## Task
Begin at the line below that has "Hello! I Have". Stop after the line that has "Magnification 0.15-2X (approximately", repeating each line exactly and leaving out the pictures.

## Material for the task
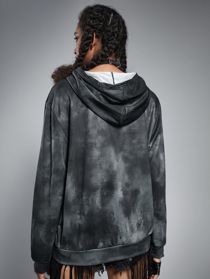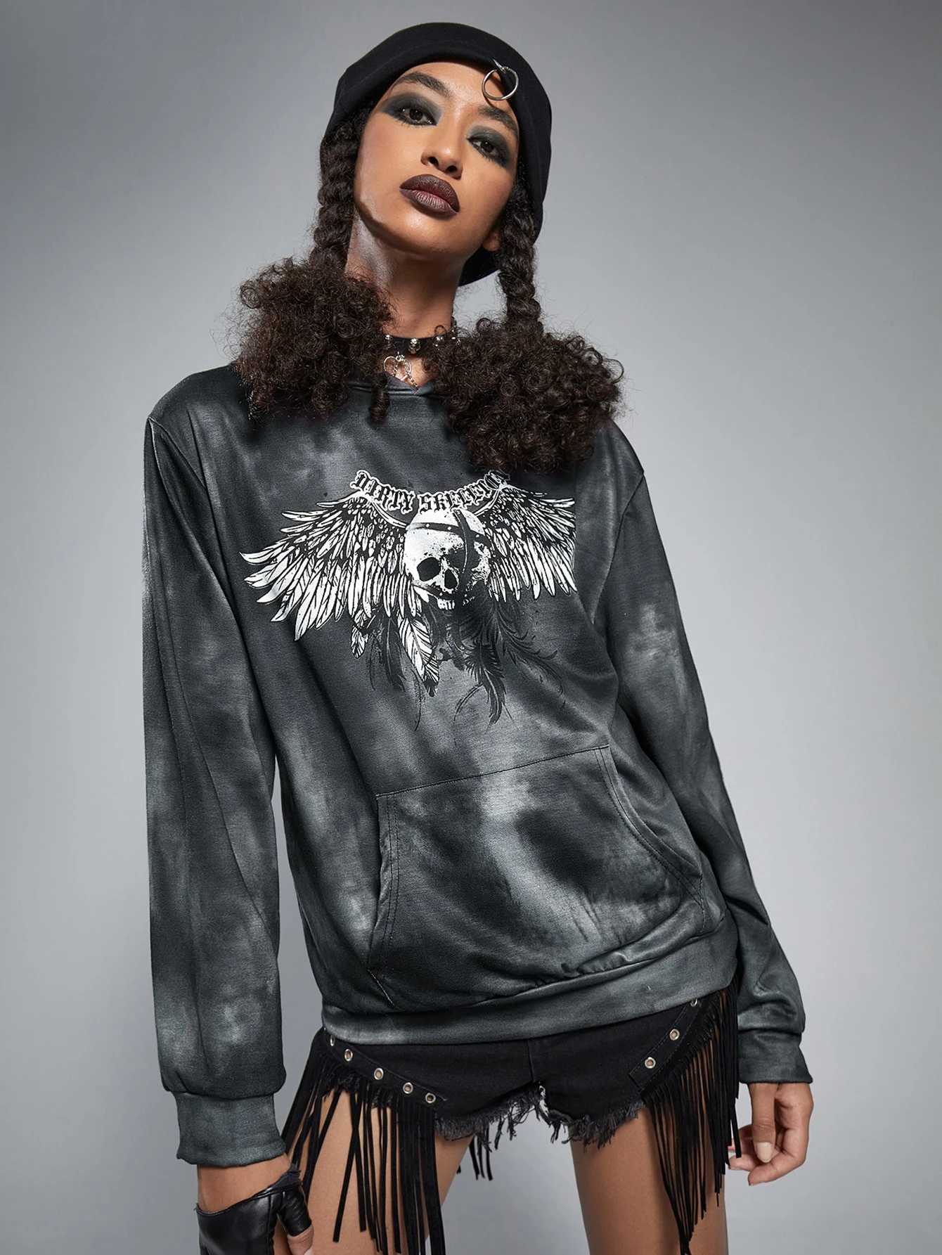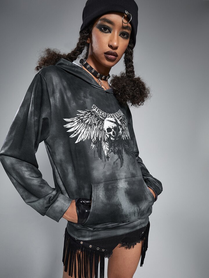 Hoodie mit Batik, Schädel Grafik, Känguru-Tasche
* * *
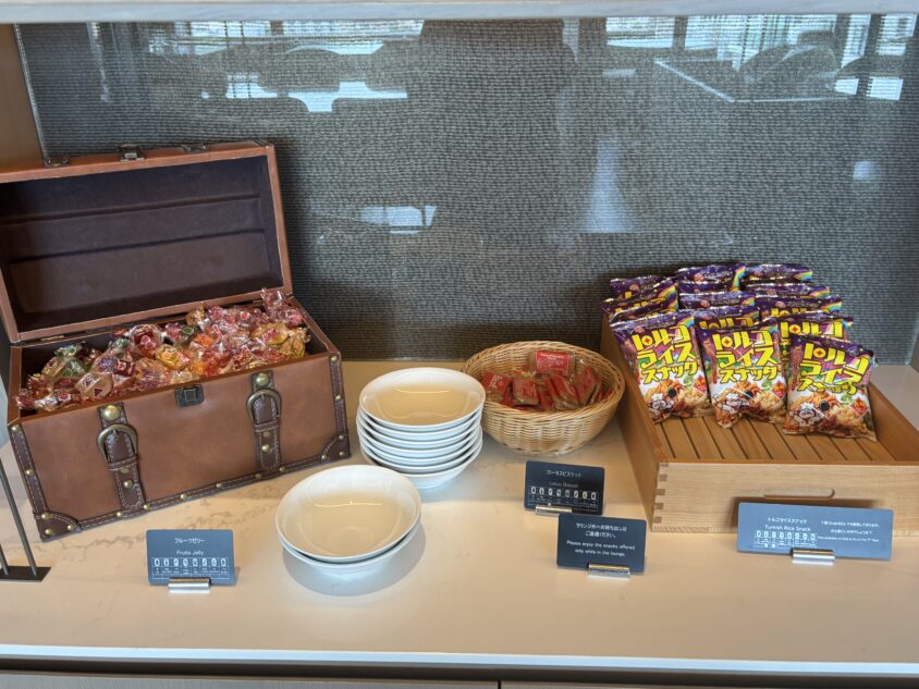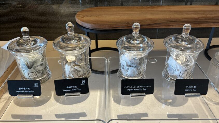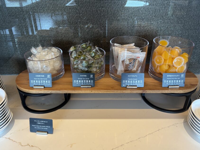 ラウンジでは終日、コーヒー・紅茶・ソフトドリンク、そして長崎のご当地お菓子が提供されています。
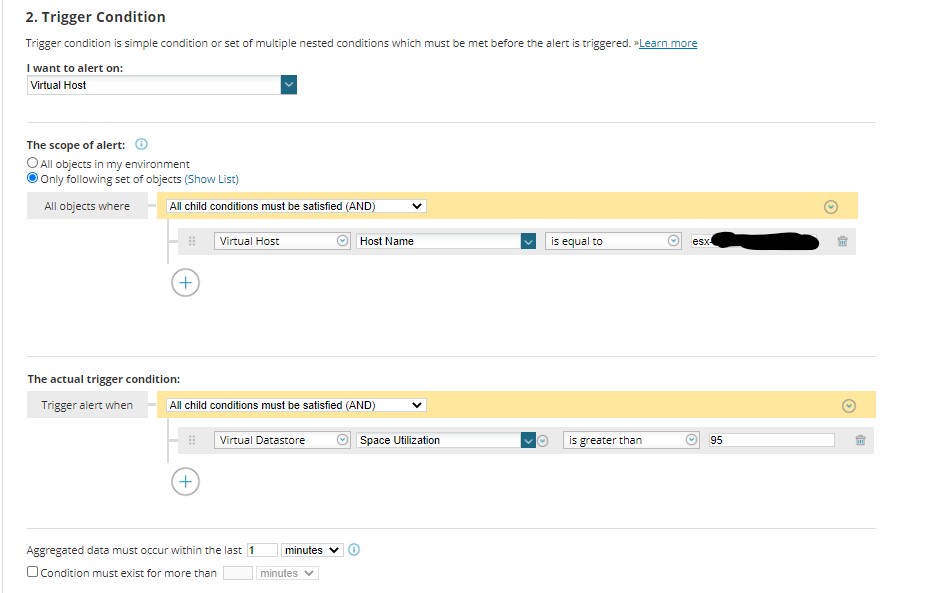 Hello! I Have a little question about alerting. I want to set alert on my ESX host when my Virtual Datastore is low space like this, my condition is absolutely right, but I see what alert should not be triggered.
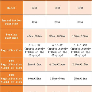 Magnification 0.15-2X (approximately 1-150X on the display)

## Solution for this problem
 Hello! I Have a little question about alerting. I want to set alert on my ESX host when my Virtual Datastore is low space like this, my condition is absolutely right, but I see what alert should not be triggered.
 Magnification 0.15-2X (approximately 1-150X on the display)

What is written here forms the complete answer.